Sadly, the generator wasn’t able to produce a usable essay for my college applications.

## Minimum and maximum of two functions

Let’s say you want a function that outputs the smaller of two functions along its domain. It turns out that the expression for that function is this:

$$\operatorname{min}(f(x),\ g(x)) = \frac{f(x) + g(x) – |f(x) – g(x)|}{2}$$

For example, take $f(x) = x^2$ and $g(x) = x + 2$. Then,

$$\operatorname{min}(x^2,\ x + 2) = \frac{x^2 + x + 2 – |x^2 – (x + 2)|}{2}$$

whose graph looks like this:

As you can see, it takes on the shape of $f(x)$ (the parabola) when $f(x)$ is smaller and $g(x)$ (the linear part) when $g(x)$ is smaller.
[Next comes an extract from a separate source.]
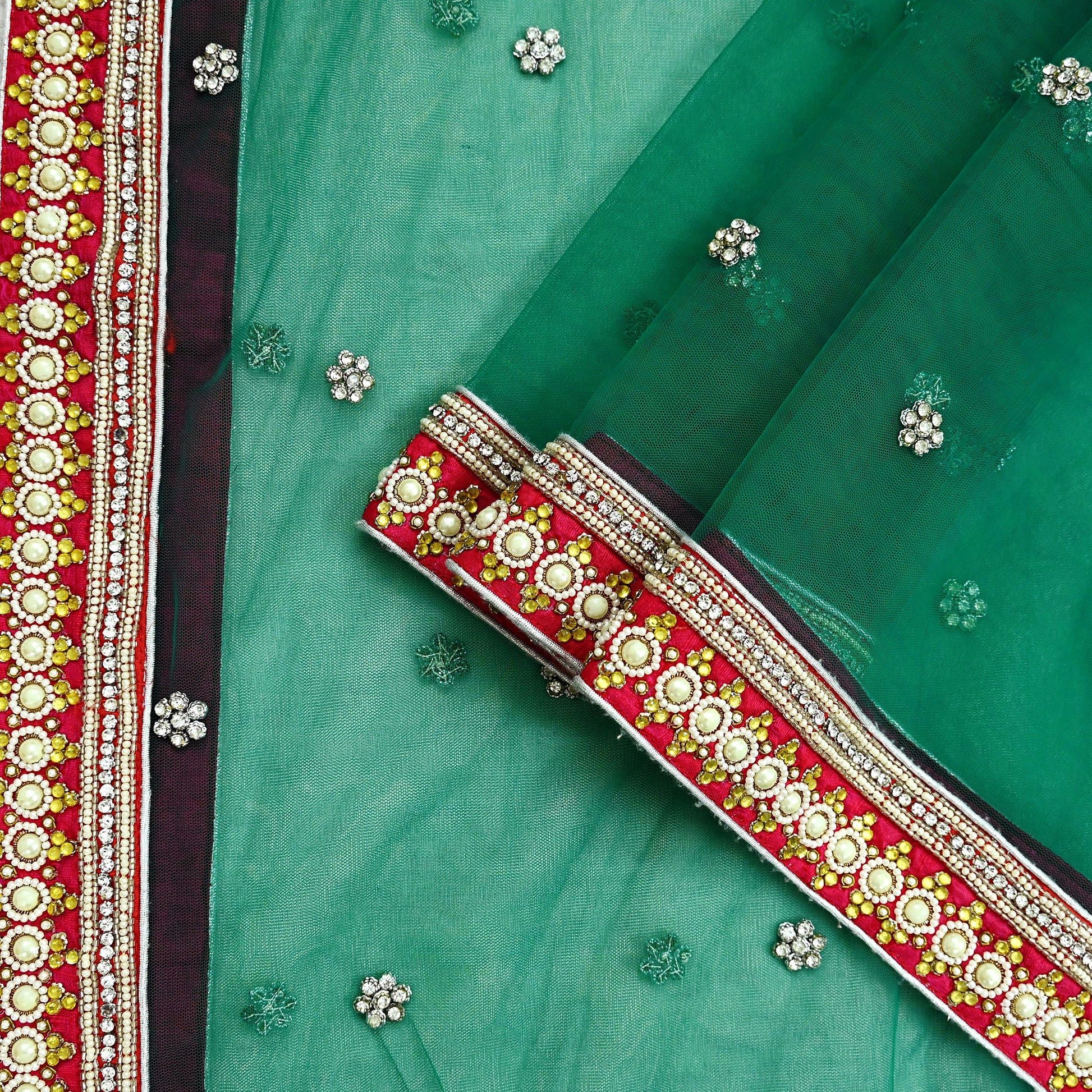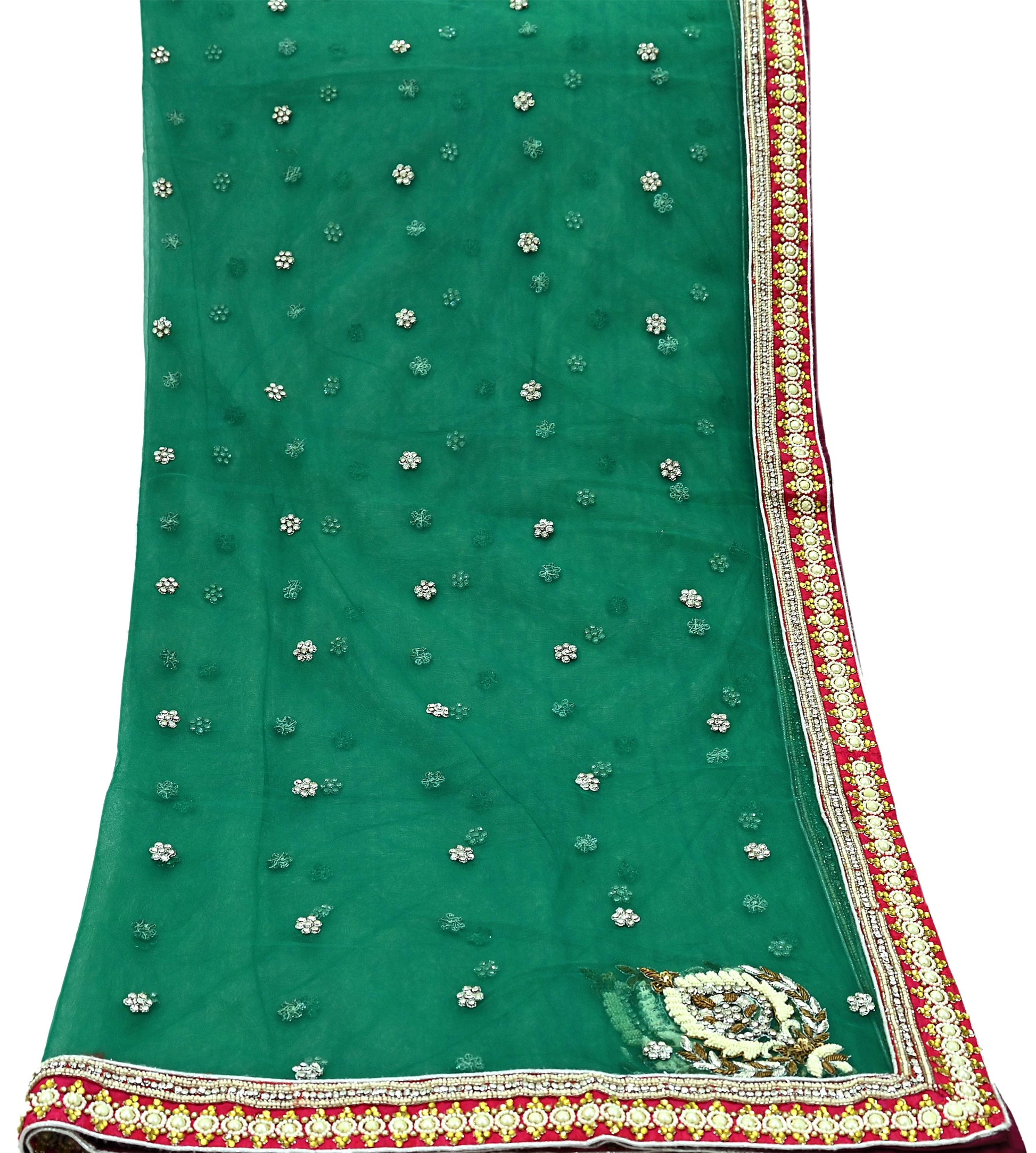 Stunning Beautiful Heavy Dupatta Hand Embroidered Net Dupatta/Stole In Green Color Fabric. This one of a kind item is difficult to express in words. Border feature is floral & Paisley design embroidered pure metallic Copper & Golden zardozi/Dabka/Zari And Golden, White Stone/Beaded, Silver Glass Beaded, White Pearl Like Beaded work embellished work is the highlight of the dupatta. Also you can see similar Zardozi, Beaded work with floral pattern in center part adds to its beauty. Rani Pink Chanderi Border work is giving a fabulous look to the dupatta. Awesome one !!!

This can be explained by splitting the fraction for the expression up:

$$\begin{align}

\operatorname{min}(f(x),\ g(x)) &= \frac{f(x) + g(x) – |f(x) – g(x)|}{2} \\

&= \frac{f(x) + g(x)}{2} – \frac{|f(x) – g(x)|}{2}

\end{align}$$

You can see that the first term in the split formula is the average of the two functions, and the second term is half the distance (absolute value) between the two functions. When you subtract half the distance between the two functions from the average of the two functions, you always get the smaller function.

What would happen if you add the distance between the two functions instead of subtracting? You get the greater of the two functions:

$$\operatorname{max}(f(x),\ g(x)) = \frac{f(x) + g(x) + |f(x) – g(x)|}{2}$$

I don’t remember where I found this, but it’s pretty awesome!